Organização satisfeita com acolhimento do AME no Mindelo 

O diretor-geral do Atlantic Music Expo (AME) garantiu estar satisfeito com o acolhimento que o certame teve pela primeira vez, no Mindelo, e quer agora mais apoios para que o evento se concretize neste palco.

Augusto “Gugas” Veiga fez o balanço à imprensa na noite de domingo, na sequência das atuações de cinco artistas nacionais e estrangeiros nos dois palcos da cidade, na Praça Nova e Praça Dom Luís.

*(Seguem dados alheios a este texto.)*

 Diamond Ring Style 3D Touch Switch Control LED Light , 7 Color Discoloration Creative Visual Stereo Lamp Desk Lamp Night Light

Segundo a mesma fonte, valeu a pena ter trazido o certame para São Vicente, ainda mais pelo envolvimento do público que não se cansou da “correria” entre os dois palcos na sexta-feira e no sábado.

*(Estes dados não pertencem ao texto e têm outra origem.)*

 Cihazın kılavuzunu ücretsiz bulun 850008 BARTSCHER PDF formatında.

“Foi uma adesão desde o início e as pessoas até acharam interessante”, considerou Gugas Veiga, realçando este “formado diferente” do habitual feito na Cidade da Praia, onde nasceu o AME, poderá ser mantido dependendo da análise dos pontos bons e menos bons.

Daí, afiançou, a intenção de fazer o certame vir para ficar no Mindelo, embora agora dependa da “própria influenciação da população, mas também do investimento do poder público e de empresas privadas, já que o evento custa”.

Gugas Veiga garantiu que o AME em São Vicente tinha um orçamento inicial de 12 mil contos e que cobriria mais artistas e mais dias, mas, devido à falta de meios financeiros, teve de ser cortado para um montante que “ainda não foi quantificado”.

“Tínhamos duas opções, ou não fazíamos, ou fazíamos só estes dois dias, mas, achamos por bem fazer para mostrar às pessoas e fazê-las entender o conceito e que pudessem gostar e a partir daí dar-nos mais força para podermos exigir e fazer mais”, explicou o produtor, para quem a partir de agora deverá haver “maior valorização” para que o evento seja feito “muito melhor” num futuro próximo.

As atuações no Mindelo contaram com mais de uma dúzia de artistas, sendo que no último dia os dois palcos receberam Dieg, Selma Uamusse, Fattú Djakité, Diva Gomes e Mamadou Sulabanku e que, como lembrou Gugas Veiga, foram escolhidos por um júri internacional, constituído por uma francesa, uma indiana e uma italiana, que, à exceção da indiana, estiveram no Mindelo, para verificar as performances das escolhas feitas de entre mais de 400 candidaturas, só para São Vicente.

“O interesse por São Vicente foi muito grande, mas, tivemos dificuldades porque várias bandas não conseguiram o financiamento para a deslocação, porque as passagens para a ilha são muito caras e há poucas opções e estas tiveram que cancelar”, sublinhou.

A internacionalização do júri, conforme a mesma fonte, também é uma forma de “proteger” e impedir a influenciação da organização, que são produtores e trabalham com artistas, e por outro, asseverou, mostra a dimensão já conseguida pelo AME.

Tanto assim é que, di-lo Gugas Veiga, Mindelo, por exemplo, recebeu cerca de 30 diretores de festivais internacionais, produtoras, entre as quais Universal e Sony, jornalistas de EuroNews, BBC, RDP/RTP África, RFI e outras.

“Portanto, estamos a promover Cabo Verde como destino turístico, a promover como destino cultural”, sustentou, adiantando que mesmo artistas que não estiveram no cartaz do AME também puderam divulgar o seu trabalho através de entrevistas.

O certame prossegue na Cidade da Praia nos próximos dias, 13, 14 e 15, com atuações de cerca de 20 artistas nacionais e estrangeiros, para além, do programa paralelo de “merchandising´, workshops e encontros para negócio.

O AME tem a parceria do Governo de Cabo Verde, através do Fundo do Turismo.